A couple of my friends arrived late to a panel we had all planned to attend, so I ended up sitting and chatting with Sujata Massey, who writes the Rei Shimura mysteries. I learned she's working on a new book, The Sleeping Dictionary, set in colonial India, that sounds very cool.

With Sujata Massey.

In addition to chance encounters, I also planned in advance to meet up with two writers I knew through the Guppies, Kendel Flaum and Diane Vallere. The three of us first got to know each other when we traded works-in-progress. We really liked each others writing, so we decided to embark on a joint project together (more details to follow later this summer). The project has been going great, in spite of the fact that we hadn't ever hung out in person! I had met Diane very briefly once before, and Diane had met Kendel, but the three of were very much virtual friends—until this weekend.

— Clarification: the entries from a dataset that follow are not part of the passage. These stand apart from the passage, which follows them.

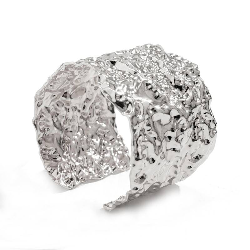 GIGB PBDK Chunky Gold Cuff Bracelet for Women Wide Thick Bangle Bracelets Exaggerated Irregular Textured Open Bangle Trendy Punk Hip Hop Jewelry Accessories (Silver)
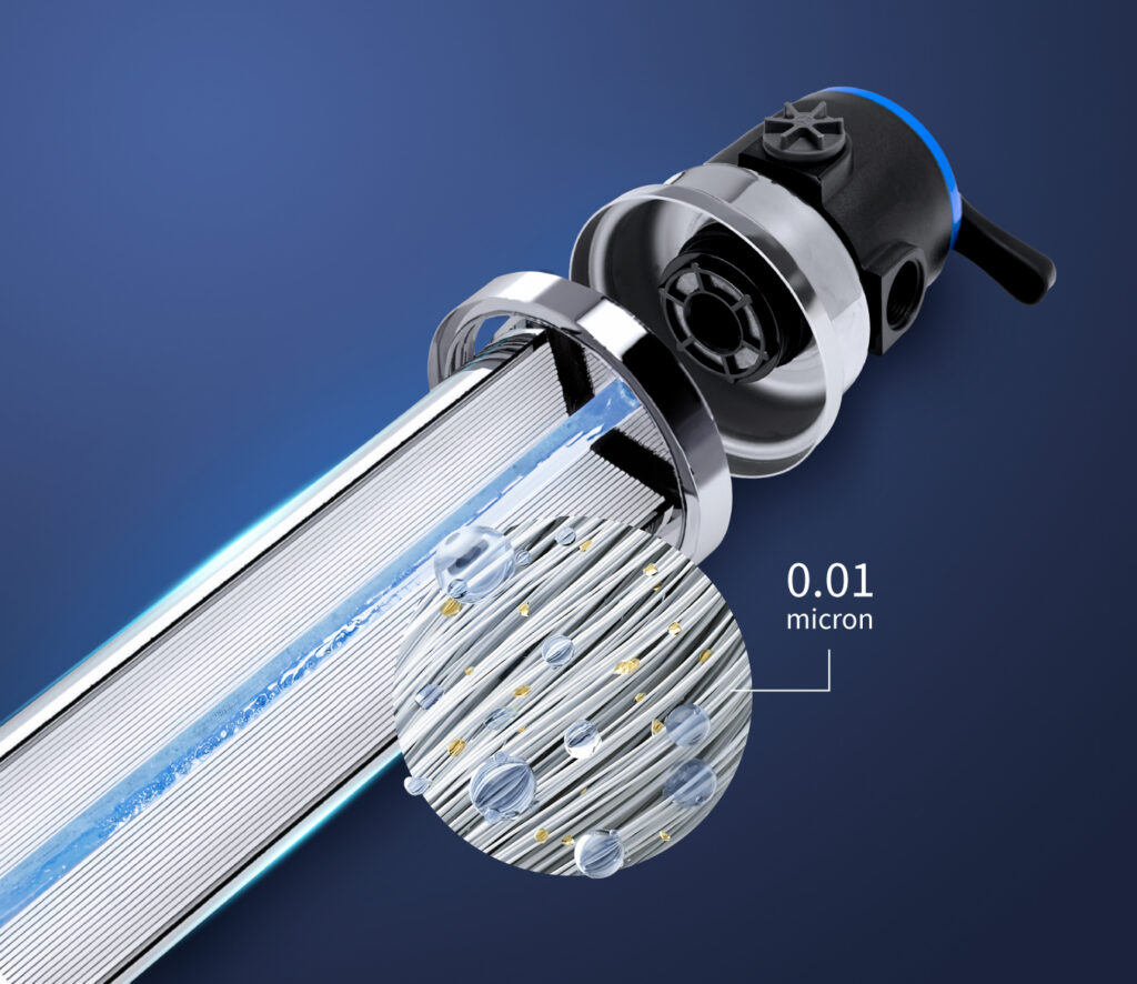- Sistem Filtrasi Ultra-Fine: Teknologi ini mampu menyaring lumpur, pasir, karat, hingga partikel mikro lainnya. Dengan demikian, air yang masuk ke dalam tandon atau bak mandi Anda menjadi jauh lebih bersih.
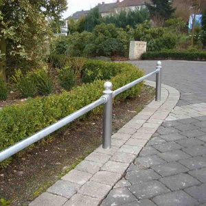 Standpfosten mit Kugelkopf für Rabattengeländer, Querholm Rundrohr, verzinkt / anthrazit
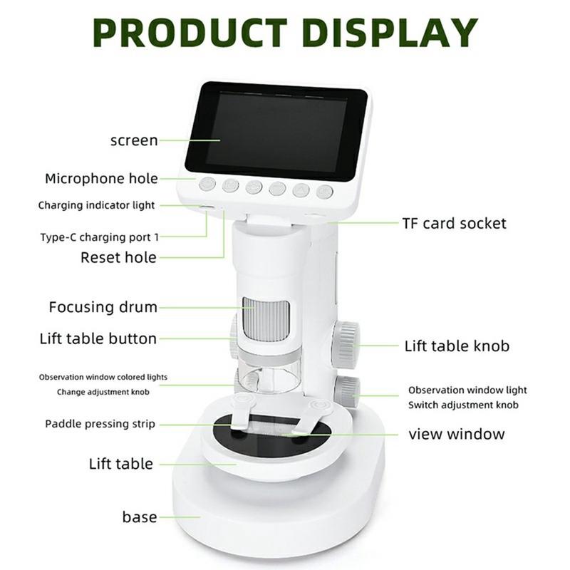 Lasten digitaalinen mikroskooppi 1000X on suunniteltu herättämään uteliaisuutta ja tekemään tieteestä jännittävää nuorille tutkijoille. Suuren suurennoksen, selkeän värinäytön ja sekä kädessä pidettävän että työpöydällä käytettävän mikroskopin avulla lapset voivat löytää arkipäiväisten esineiden piilotettuja yksityiskohtia turvallisella ja kiehtovalla tavalla.

Hanging out with partners in crime Kendel Flaum and Diane Vallere.

At the Agathas Banquet.

Guppy Leslie Budewitz won an Agatha award for her non-fiction guide for authors BOOKS, CROOKS, AND COUNSELORS.

Leslie Budewitz accepting her Agatha Award for BOOKS, CROOKS, AND COUNSELORS

At lunch with Leslie Budewitz, Avery Aames, Tracy Kiely, Kaye George, and Sandra Parshall.


Last but not least, I'm happy to report I finally met Nicole Peeler! I was starting to believe this urban fantasy author was a figment of my imagination. Turns out I was mistaken—she's real! And very fun.

Meeting Nicole Peeler in person for the first time.

p.s. I played hookie from the convention for a few hours one afternoon to see the gargoyles on the National Cathedral in Washington, DC. I'll post more photos of the gargoyles over at Gargoyle Girl next week.

A gargoyle on the National Cathedral in Washington, DC.